— На вот, мой горлачки, — строго показала она на крынки, а сама пошла в дом.
Когда она вернулась, Алеша стоял над тазом, держа в руках так и не замоченный в воде «горлачек».
— Ну, что же ты не помыл?! — укорила бабка. — Руки у меня грязные, бабушка, — ответил Алеша и показал руки с нестриженными ногтями, с давним налетом смолы, кусочками прилипшей коры.
— Ишь ведь ты какой! — неожиданно улыбнулась бабка.
— Ладно, я тебе полью. Вот только мыла нет.
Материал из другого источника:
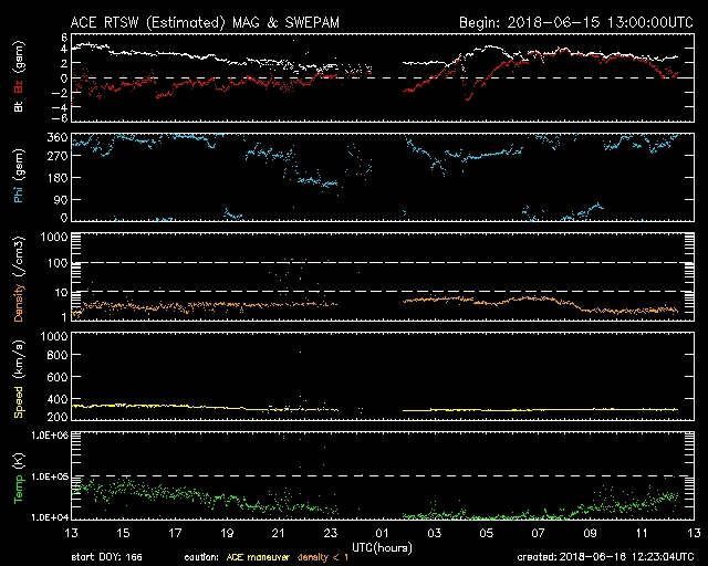 310km/s前後で推移していましたが、NOAAでは21時頃から480km/s台のやや高速な太陽風が観測されています。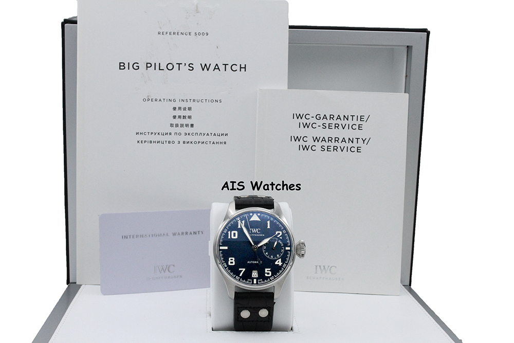 Up for sale is an IWC Schaffhausen IW500908 Big Pilot Le Petite Prince 46MM Blue Dial SS Box & Papers. The timepiece is in excellent condition.

И хлебушка, — добавила она, вынимая из передника несколько картофелин и устанавливая на стол небольшую крынку с простоквашей. — Ты вот, с ополосками помой — показал она, разбалтывая в крынке воду, — знаешь, как отмывает, а потом чистенькой…
Алеша засучил рукава — молочные ополоски и правда отмывали руки.
— Ты и физиогномию тоже… — приказал бабка, придумав наконец, как бы ей выразиться покультурнее.
Алеша умылся.
— А, теперь вот ешь! — скомандовала бабка и отвернулась, когда Алеша куснул картофелину прямо с кожурой, а потом жадно припал к крынке с уже забытым запахом кислого молока…
Часа через два бабку окликнул немолодой сержант во главе группы вооруженных солдат с красными погонами и спросил, не видела ли она беглеца.
— Беглеца не видела, — ответила бабка. — А вот обходительного, чернявого да худого видела. Говорил, что не заключенный он и без пачпорта.
— Вот-вот, — перебил ее сержант, — нам его и надо!
— Так вот он к тому лесочку пошел. Сказал, что там где-нибудь на солнышке прилягет.
Когда солдаты уже подходили к лесочку, переговариваясь и бранясь, Алеша встал и неторопливо пошел к чаще. Сержант замер.
— Стой.
Алеша не оборачивался.
— Стой!
Алеша упрямо шел. Один из солдат вскинул карабин и, припав на одно колено, выстрелил. Алеша упал.
Бабка слышала выстрел и видела, как несли убитого. Ей почему-то показалось, что она не на Урале, а опять на родной Смоленщине. И идет не сорок шестой, а сорок первый год… Тогда вот так же несли бойцы своего, только тот шептал:
— Бросьте меня, братцы.
А этот не шепчет, не говорит, только кровь капает через настил из веток…
И все-таки Алеша не был убит. Случилось чудо: пуля прошла через мягкие ткани шеи и, не задев жизненно важных центров, вышла. Через две недели он был здоров и перестал думать о смерти. Очевидно, вблизи он ее хорошо рассмотрел, и она показалась ему слишком измученной, уставшей косить. И он пожалел ее и больше не пытался отягощать работой.
Воскресшего Алешу осудили лагерным судом на пять лет исправительно-трудовых лагерей, когда еще ни один из «манчжурцев» не был судим.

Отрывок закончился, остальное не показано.